▶ _Work task_
Without any of the pictures, print every record below exactly.

▶ _Available data_
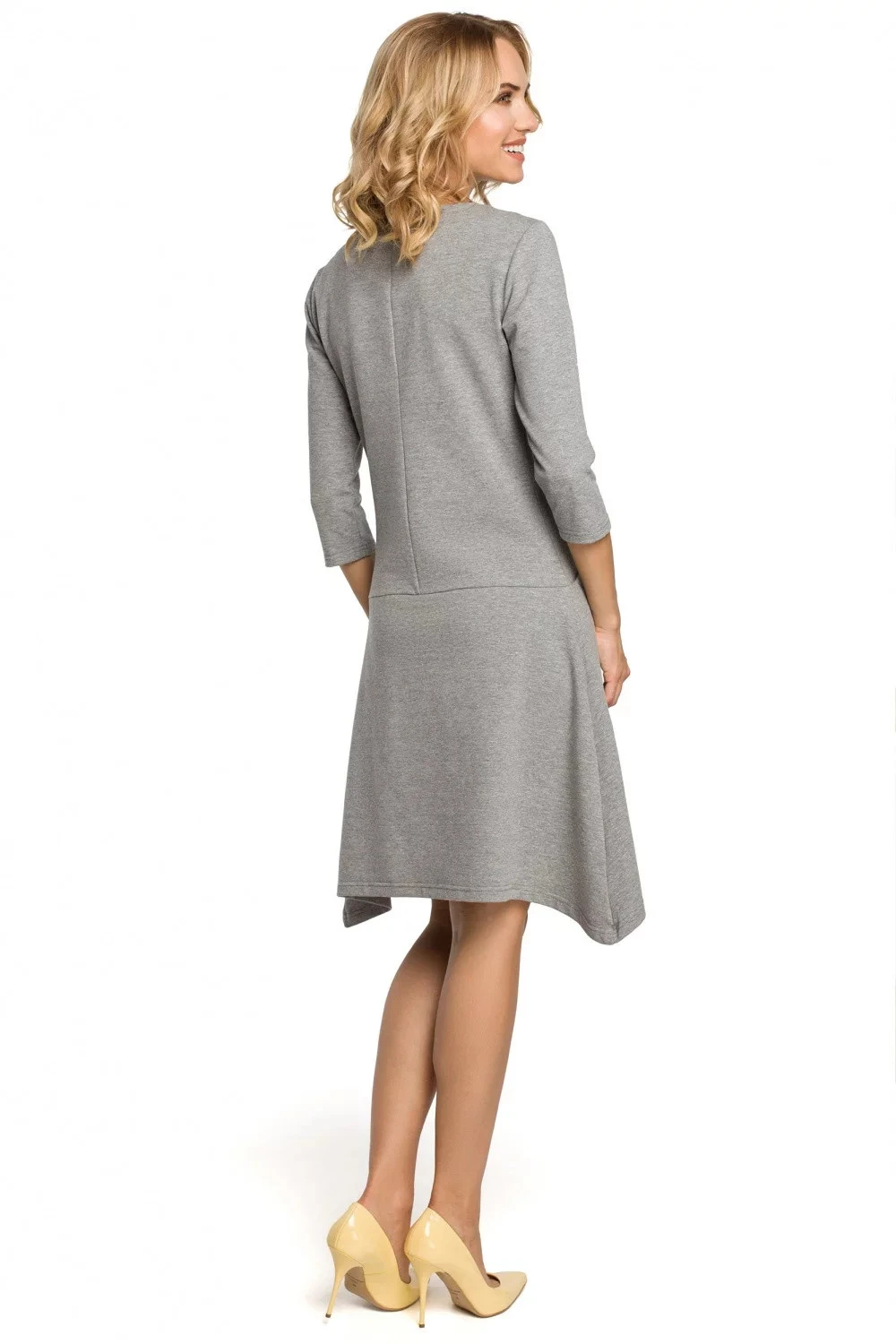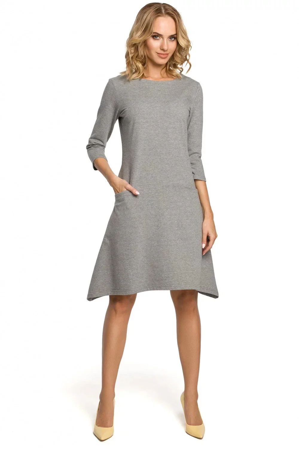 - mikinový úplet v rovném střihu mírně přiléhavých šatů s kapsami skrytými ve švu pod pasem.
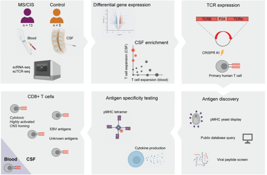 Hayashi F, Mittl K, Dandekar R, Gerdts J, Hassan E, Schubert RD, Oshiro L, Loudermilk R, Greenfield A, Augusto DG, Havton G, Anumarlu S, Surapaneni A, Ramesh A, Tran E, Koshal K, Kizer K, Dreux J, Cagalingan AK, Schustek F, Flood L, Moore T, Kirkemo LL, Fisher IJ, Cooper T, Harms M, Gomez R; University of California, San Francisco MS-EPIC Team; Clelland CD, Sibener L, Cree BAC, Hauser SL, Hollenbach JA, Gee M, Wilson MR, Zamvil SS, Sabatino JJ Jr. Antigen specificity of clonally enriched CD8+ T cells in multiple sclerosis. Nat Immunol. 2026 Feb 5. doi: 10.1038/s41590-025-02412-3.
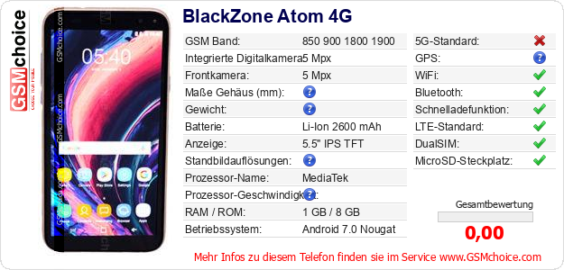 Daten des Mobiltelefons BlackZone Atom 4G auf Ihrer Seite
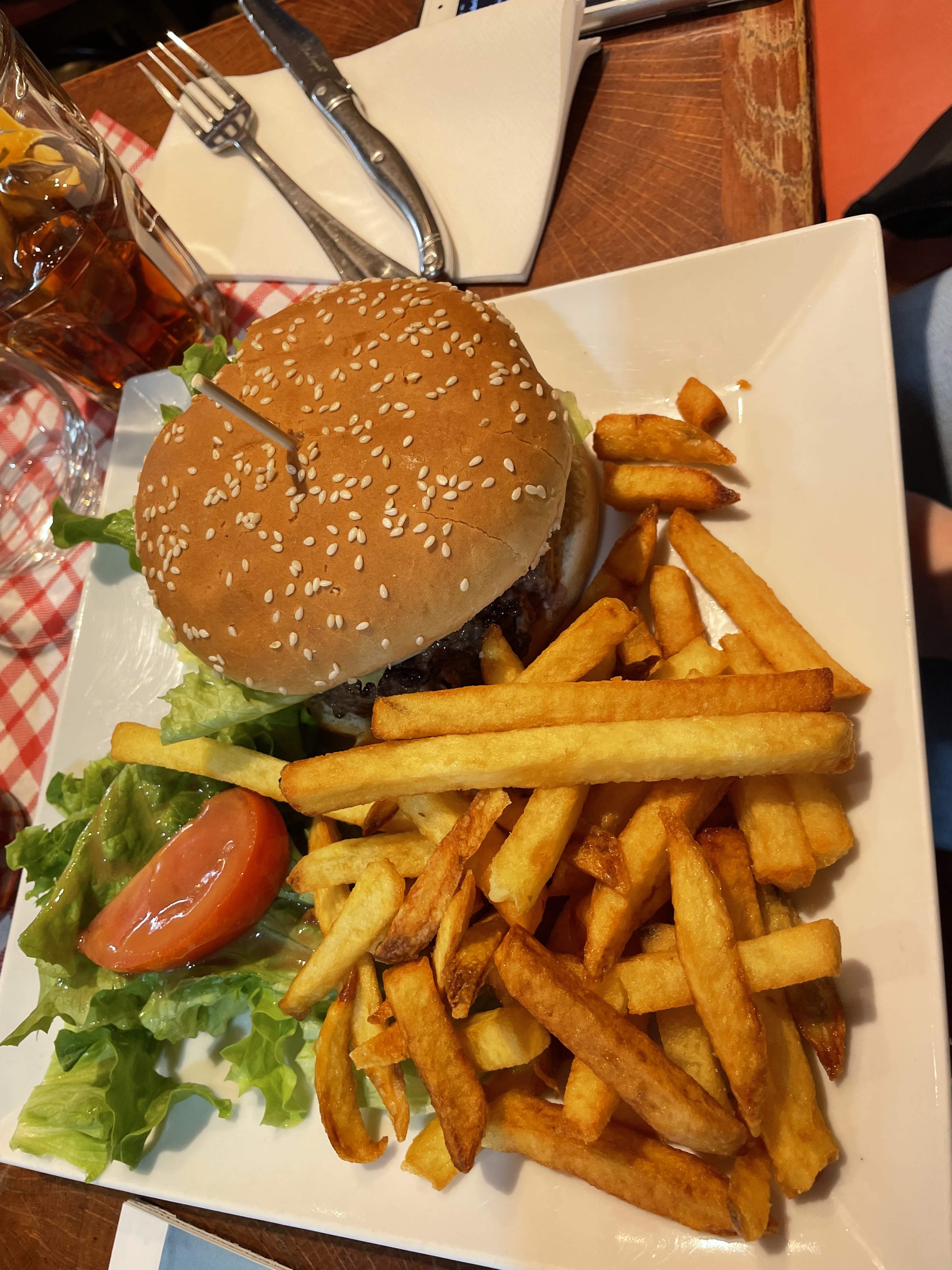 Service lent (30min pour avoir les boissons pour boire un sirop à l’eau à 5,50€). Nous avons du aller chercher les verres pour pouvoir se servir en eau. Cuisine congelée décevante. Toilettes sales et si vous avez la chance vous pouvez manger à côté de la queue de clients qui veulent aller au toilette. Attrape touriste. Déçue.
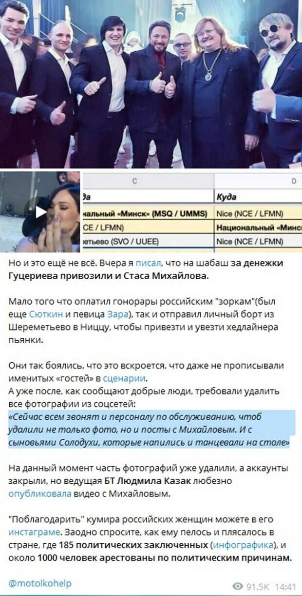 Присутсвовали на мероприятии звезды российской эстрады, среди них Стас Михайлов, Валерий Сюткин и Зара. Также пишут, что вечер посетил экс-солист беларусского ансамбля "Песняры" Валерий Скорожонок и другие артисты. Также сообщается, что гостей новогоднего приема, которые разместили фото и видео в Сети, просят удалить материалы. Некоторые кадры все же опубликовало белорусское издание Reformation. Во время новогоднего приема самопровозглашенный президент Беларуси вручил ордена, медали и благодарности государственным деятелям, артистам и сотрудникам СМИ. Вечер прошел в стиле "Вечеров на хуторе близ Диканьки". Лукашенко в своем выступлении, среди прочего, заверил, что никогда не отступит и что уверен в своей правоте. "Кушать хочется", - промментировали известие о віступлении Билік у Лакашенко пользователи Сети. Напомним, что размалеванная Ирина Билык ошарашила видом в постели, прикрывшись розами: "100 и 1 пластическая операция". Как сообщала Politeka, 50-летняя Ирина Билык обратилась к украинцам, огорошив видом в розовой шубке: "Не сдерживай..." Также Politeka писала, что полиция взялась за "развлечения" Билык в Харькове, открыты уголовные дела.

▶ _Your response_
 - mikinový úplet v rovném střihu mírně přiléhavých šatů s kapsami skrytými ve švu pod pasem.
 Hayashi F, Mittl K, Dandekar R, Gerdts J, Hassan E, Schubert RD, Oshiro L, Loudermilk R, Greenfield A, Augusto DG, Havton G, Anumarlu S, Surapaneni A, Ramesh A, Tran E, Koshal K, Kizer K, Dreux J, Cagalingan AK, Schustek F, Flood L, Moore T, Kirkemo LL, Fisher IJ, Cooper T, Harms M, Gomez R; University of California, San Francisco MS-EPIC Team; Clelland CD, Sibener L, Cree BAC, Hauser SL, Hollenbach JA, Gee M, Wilson MR, Zamvil SS, Sabatino JJ Jr. Antigen specificity of clonally enriched CD8+ T cells in multiple sclerosis. Nat Immunol. 2026 Feb 5. doi: 10.1038/s41590-025-02412-3.
 Daten des Mobiltelefons BlackZone Atom 4G auf Ihrer Seite
 Service lent (30min pour avoir les boissons pour boire un sirop à l’eau à 5,50€). Nous avons du aller chercher les verres pour pouvoir se servir en eau. Cuisine congelée décevante. Toilettes sales et si vous avez la chance vous pouvez manger à côté de la queue de clients qui veulent aller au toilette. Attrape touriste. Déçue.
 Присутсвовали на мероприятии звезды российской эстрады, среди них Стас Михайлов, Валерий Сюткин и Зара. Также пишут, что вечер посетил экс-солист беларусского ансамбля "Песняры" Валерий Скорожонок и другие артисты. Также сообщается, что гостей новогоднего приема, которые разместили фото и видео в Сети, просят удалить материалы. Некоторые кадры все же опубликовало белорусское издание Reformation. Во время новогоднего приема самопровозглашенный президент Беларуси вручил ордена, медали и благодарности государственным деятелям, артистам и сотрудникам СМИ. Вечер прошел в стиле "Вечеров на хуторе близ Диканьки". Лукашенко в своем выступлении, среди прочего, заверил, что никогда не отступит и что уверен в своей правоте. "Кушать хочется", - промментировали известие о віступлении Билік у Лакашенко пользователи Сети. Напомним, что размалеванная Ирина Билык ошарашила видом в постели, прикрывшись розами: "100 и 1 пластическая операция". Как сообщала Politeka, 50-летняя Ирина Билык обратилась к украинцам, огорошив видом в розовой шубке: "Не сдерживай..." Также Politeka писала, что полиция взялась за "развлечения" Билык в Харькове, открыты уголовные дела.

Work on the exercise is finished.